To implement these provisions of the act, section 701(a) of the act (21 U.S.C. 371(a)) gives FDA the authority to issue regulations for the efficient enforcement of the act. By requiring IRB registration, the proposed rule would, if finalized, aid in the efficient enforcement of the act's provisions regarding the investigational use of various FDA-regulated products (because then FDA would be able to conduct IRB inspections more efficiently). IRB registration would also help enforce those provisions regarding marketing applications (because marketing applications usually depend on clinical investigations involving human subjects, and IRBs are supposed to provide protections for the rights and welfare of such human subjects). Moreover, by requiring IRBs to register, the proposed rule would enable FDA to contact IRBs more quickly and efficiently on various issues, such as adverse reactions that may be attributed to a particular product, new regulatory requirements or policies, or problems associated with a particular protocol or clinical investigator. FDA's authority to regulate IRBs was discussed in more detail in the preambles to the initial proposed rule and the final rule establishing part 56 (43 FR 35186 at 35197, August 8, 1978 and 46 FR 8958 at 8959 and 8960, January 27, 1981). For the reasons discussed in the earlier preambles and previously on this document FDA concludes that it has sufficient legal authority to issue the proposed rule.

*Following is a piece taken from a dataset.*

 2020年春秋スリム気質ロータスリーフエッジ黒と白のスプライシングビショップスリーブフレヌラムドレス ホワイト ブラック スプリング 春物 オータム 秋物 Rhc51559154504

V. Economic Impact Analysis
FDA has examined the impacts of the proposed rule under Executive Order 12866 and the Regulatory Flexibility Act (5 U.S.C. 601-612), and the Unfunded Mandates Reform Act of 1995 (Public Law 104-4). Executive Order 12866 directs agencies to assess all costs and benefits of available regulatory alternatives and, when regulation is necessary, to select regulatory approaches that maximize net benefits (including potential economic, environmental, public health and safety, and other advantages; distributive impacts; and equity). Under the Regulatory Flexibility Act, if a rule has a significant impact on a substantial number of small entities, an agency must analyze regulatory options that would minimize any significant impact of the rule on small entities.

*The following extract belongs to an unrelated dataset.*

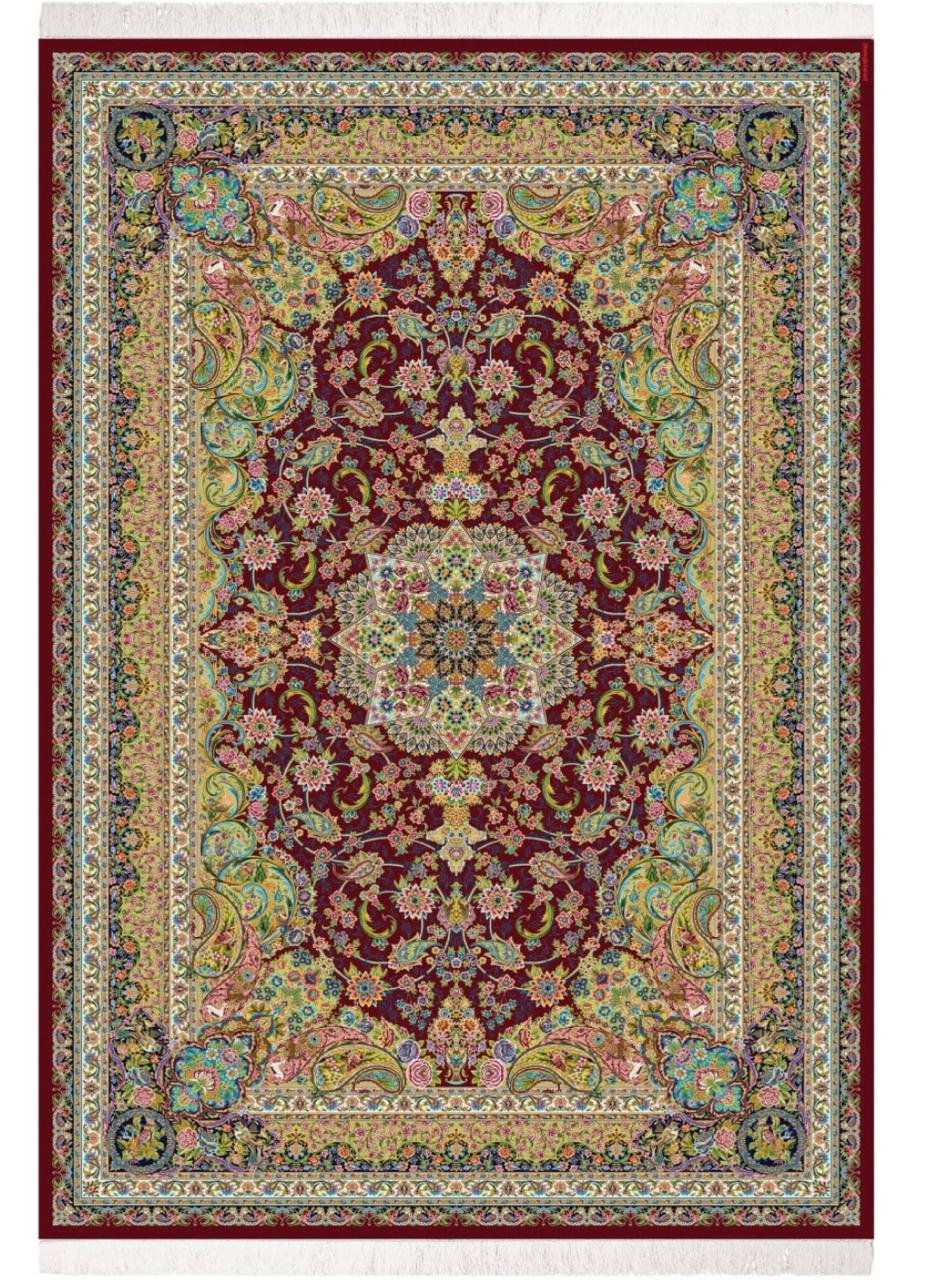 “Elevate your home decor with this Opulent Traditional Area Rug, showcasing a magnificent Maroon (or Ruby Red/Burgundy) base that exudes warmth and sophistication. Adorned with a classic Persian-inspired floral medallion at its heart, this rug is a masterpiece of intricate design. The rich central motif is beautifully complemented by delicate botanical patterns and elegant paisley elements in a vibrant palette of Gold, Cream, Teal, Light Blue, and subtle Pinks. Perfect for adding a touch of regal charm and timeless elegance to your living room, dining area, or bedroom, this rug not only defines your space but also provides a luxurious feel underfoot. Its detailed borders frame the design, completing a look that is both grand and inviting.”

Section 202(a) of the Unfunded Mandates Reform Act of 1995 requires that agencies prepare a written statement, which includes an assessment of anticipated costs and benefits, before proposing “any rule that includes any Federal mandate that may result in an expenditure by State, local, and tribal governments, in the aggregate, or by the private sector, of $100,000,000 (adjusted annually for inflation) in any one year.”
The proposed rule is consistent with the principles set forth in Executive Order 12866 and these two statutes. As explained below, the proposed rule is not an economically significant regulatory action as defined in Executive Order 12866 and does not require a Regulatory Flexibility Analysis. The Unfunded Mandates Reform Act does not require FDA to prepare a statement of costs and benefits for the proposed rule because the proposed rule is not expected to result in any 1-year expenditure that would exceed $100 million adjusted for inflation. The current inflation-adjusted statutory threshold is approximately $110 million.
The proposed rule would require IRBs to register with FDA. The information sought through the registration process would be minimal, consisting largely of names and addresses for a contact person, the institution operating the IRB (if an institution exists), the senior officer of the institution who is responsible for overseeing the activities performed by the IRB, the IRB, and the IRB chairperson. The registration would also indicate whether the IRB reviews a “small,” “medium,” or “large” number of FDA-regulated protocols and the types of FDA-regulated products involved. IRBs would also indicate whether they are accredited and identify the accrediting body or organization. FDA estimates that initial IRB registration may require 1 hour to complete. If the average wage rate is $40 per hour, this means that each IRB would spend $40 for an initial registration ($40 per hour x 1 hour per initial registration).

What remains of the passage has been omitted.